▸ **Stored data**
▬▬▬▬▬▬▬▬▬▬

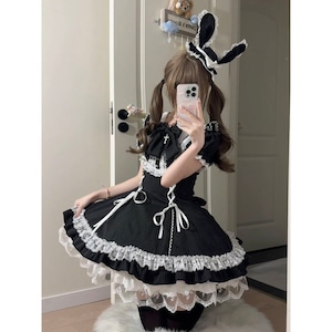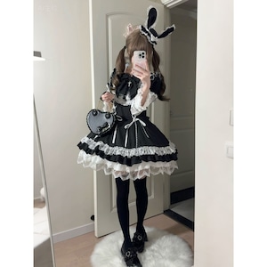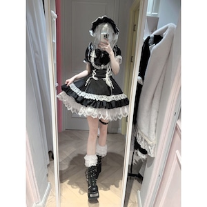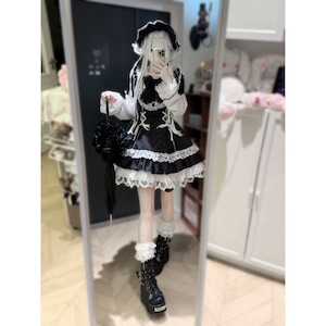 ゴシックつけ袖付きモノトーンストライプワンピース
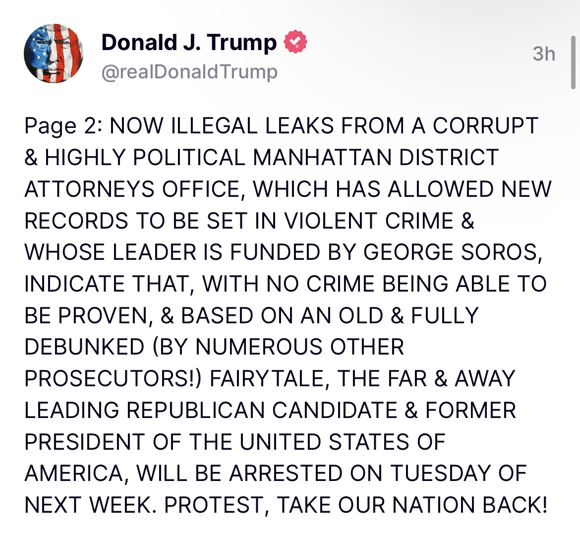 उनलाई विचाराधीन गिरफ्तारीको बारेमा सीधै सूचित गरिएको थियो वा उनले त्यस्ता योजनाहरूको बारेमा कसरी थाहा पाए भन्नेबारे ट्रम्पले केही बताएका छैनन् । तर शनिबार बिहान ट्रुथ सोशल नेटवर्कमा ट्रम्पले अमेरिकाको पूर्व राष्ट्रपतिलाई हप्ताको मंगलबार पक्राउ गरिनेछ भन्ने म्यानहटन डिस्ट्रिक्ट एटोर्नी कार्यालयको गोप्य सर्कुलर उद्धृत गरेका छन् ।
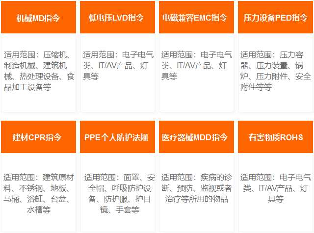 CE认证范围广泛,是产品出口欧盟的通行证,其常见指令包含但不限于以下内容。中邦可提供CE认证全面解决方案,全国认证热线:400-115-9001
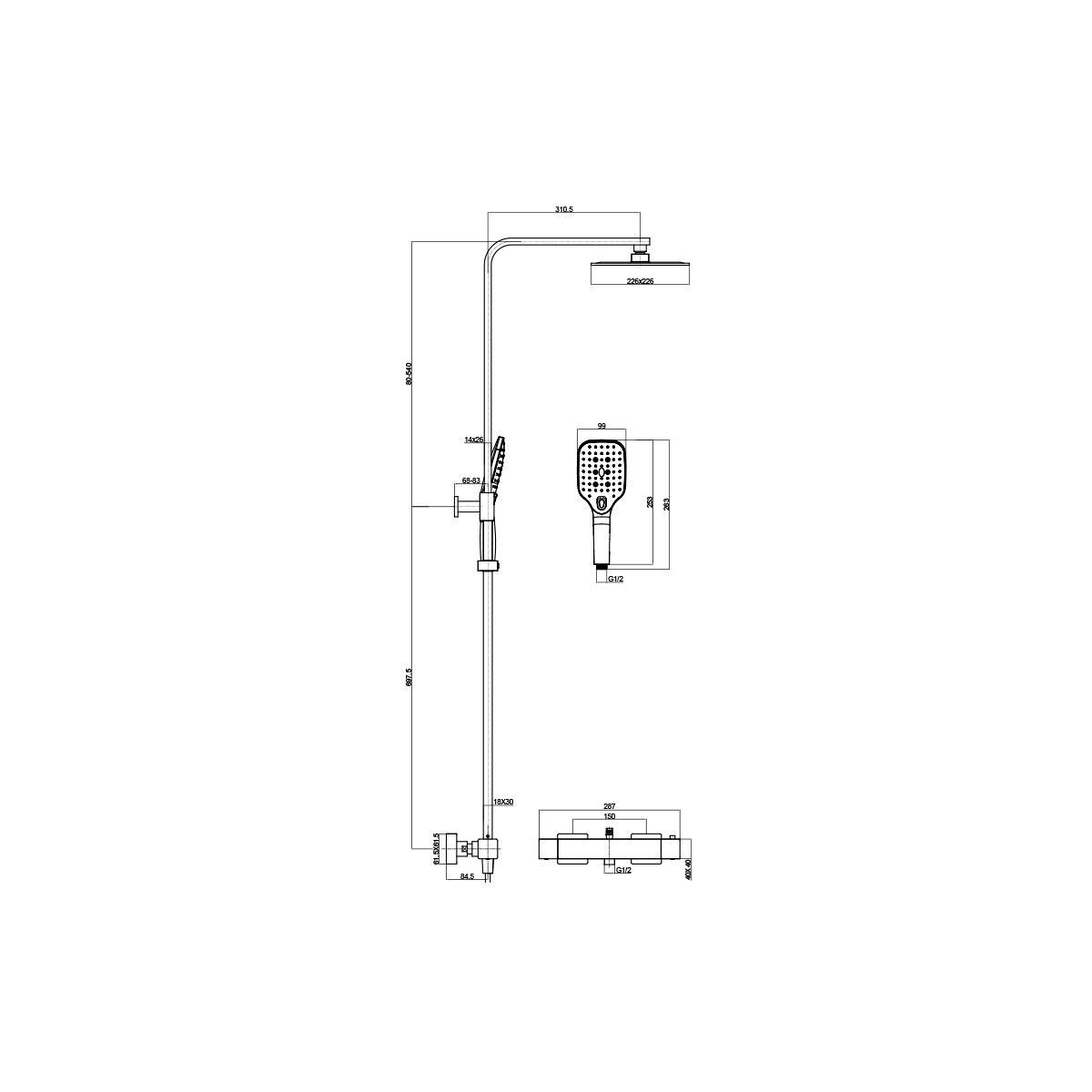 Inclus: baterie cu comutator, duș ploaie, duș de mână, furtun de duș, tija de duș
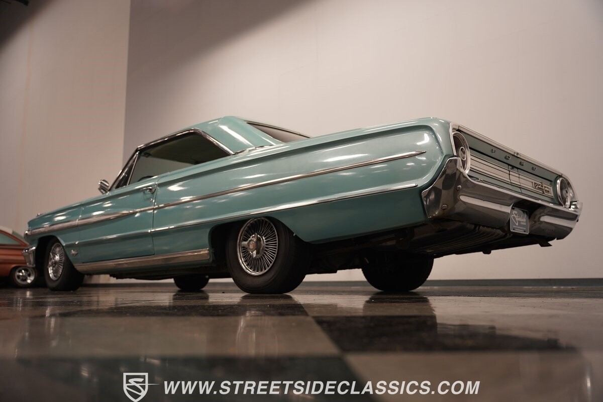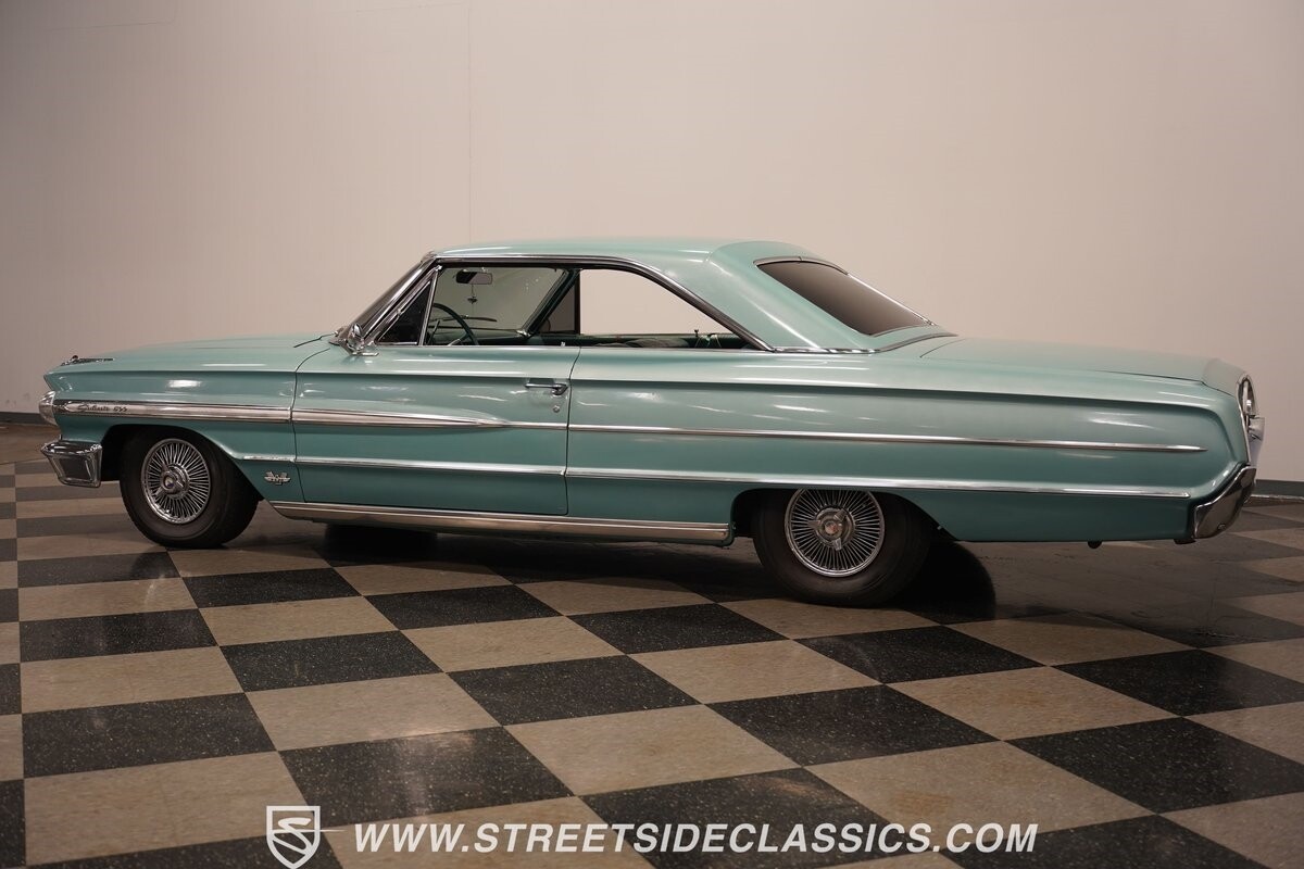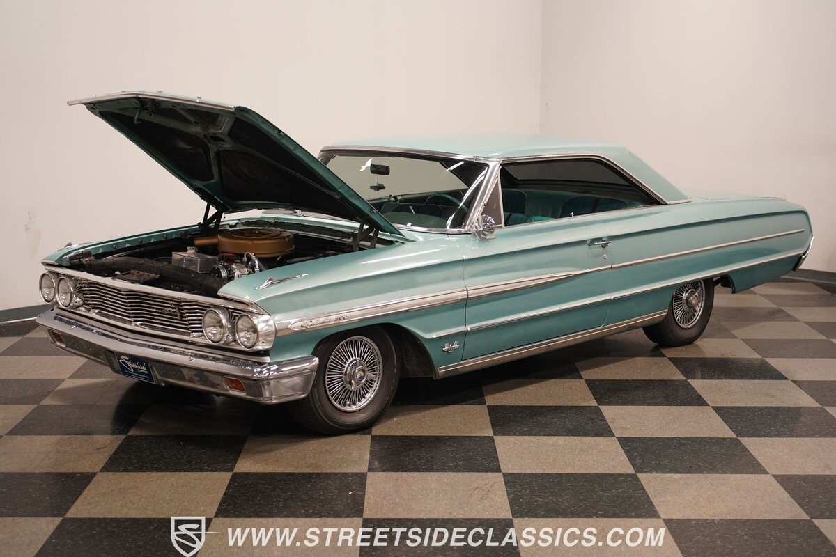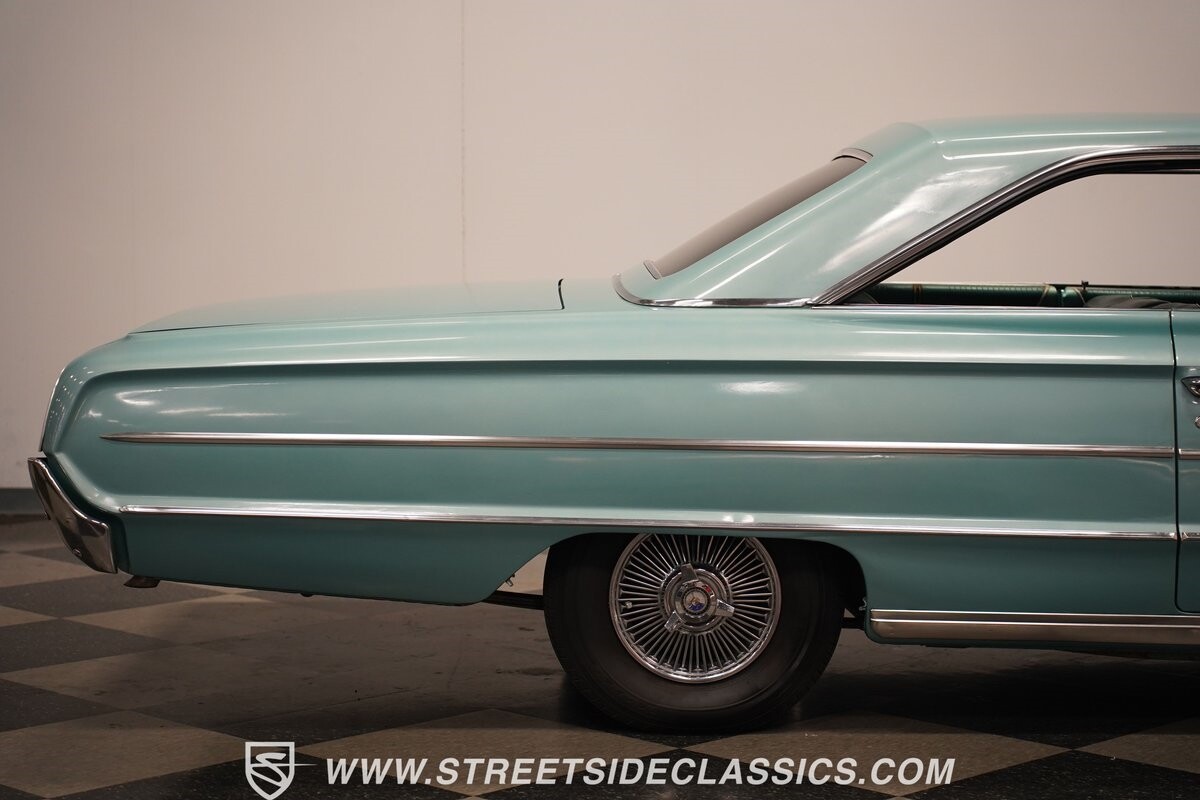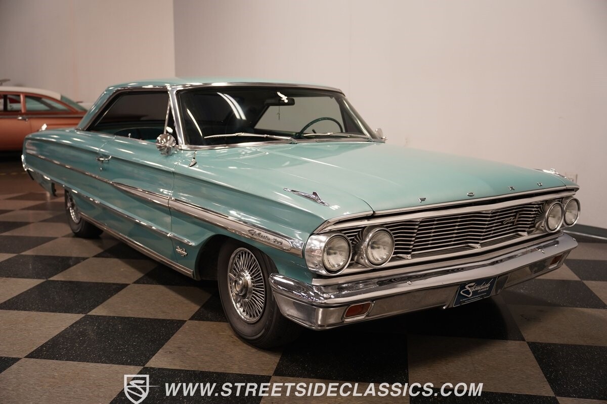 When the 1964 Ford Galaxie 500 rolls into the sunlight, its Dynasty Green paint reflects a deep, lush hue that is reminiscent of a classic era. This car sports original paint, refreshed in 2006, capturing attention with its genuine vintage appeal. Outfitted with 14-inch wheels wrapped in 225/70R14 tires, the Galaxie 500 doesn't just stand; it poses with a confident stance.

▬▬▬▬▬▬▬▬▬▬

▸ **Exercise**
All of the data needs repeating exactly, but the pictures do not.

▸ **Response area**
 ゴシックつけ袖付きモノトーンストライプワンピース
 उनलाई विचाराधीन गिरफ्तारीको बारेमा सीधै सूचित गरिएको थियो वा उनले त्यस्ता योजनाहरूको बारेमा कसरी थाहा पाए भन्नेबारे ट्रम्पले केही बताएका छैनन् । तर शनिबार बिहान ट्रुथ सोशल नेटवर्कमा ट्रम्पले अमेरिकाको पूर्व राष्ट्रपतिलाई हप्ताको मंगलबार पक्राउ गरिनेछ भन्ने म्यानहटन डिस्ट्रिक्ट एटोर्नी कार्यालयको गोप्य सर्कुलर उद्धृत गरेका छन् ।
 CE认证范围广泛,是产品出口欧盟的通行证,其常见指令包含但不限于以下内容。中邦可提供CE认证全面解决方案,全国认证热线:400-115-9001
 Inclus: baterie cu comutator, duș ploaie, duș de mână, furtun de duș, tija de duș
 When the 1964 Ford Galaxie 500 rolls into the sunlight, its Dynasty Green paint reflects a deep, lush hue that is reminiscent of a classic era. This car sports original paint, refreshed in 2006, capturing attention with its genuine vintage appeal. Outfitted with 14-inch wheels wrapped in 225/70R14 tires, the Galaxie 500 doesn't just stand; it poses with a confident stance.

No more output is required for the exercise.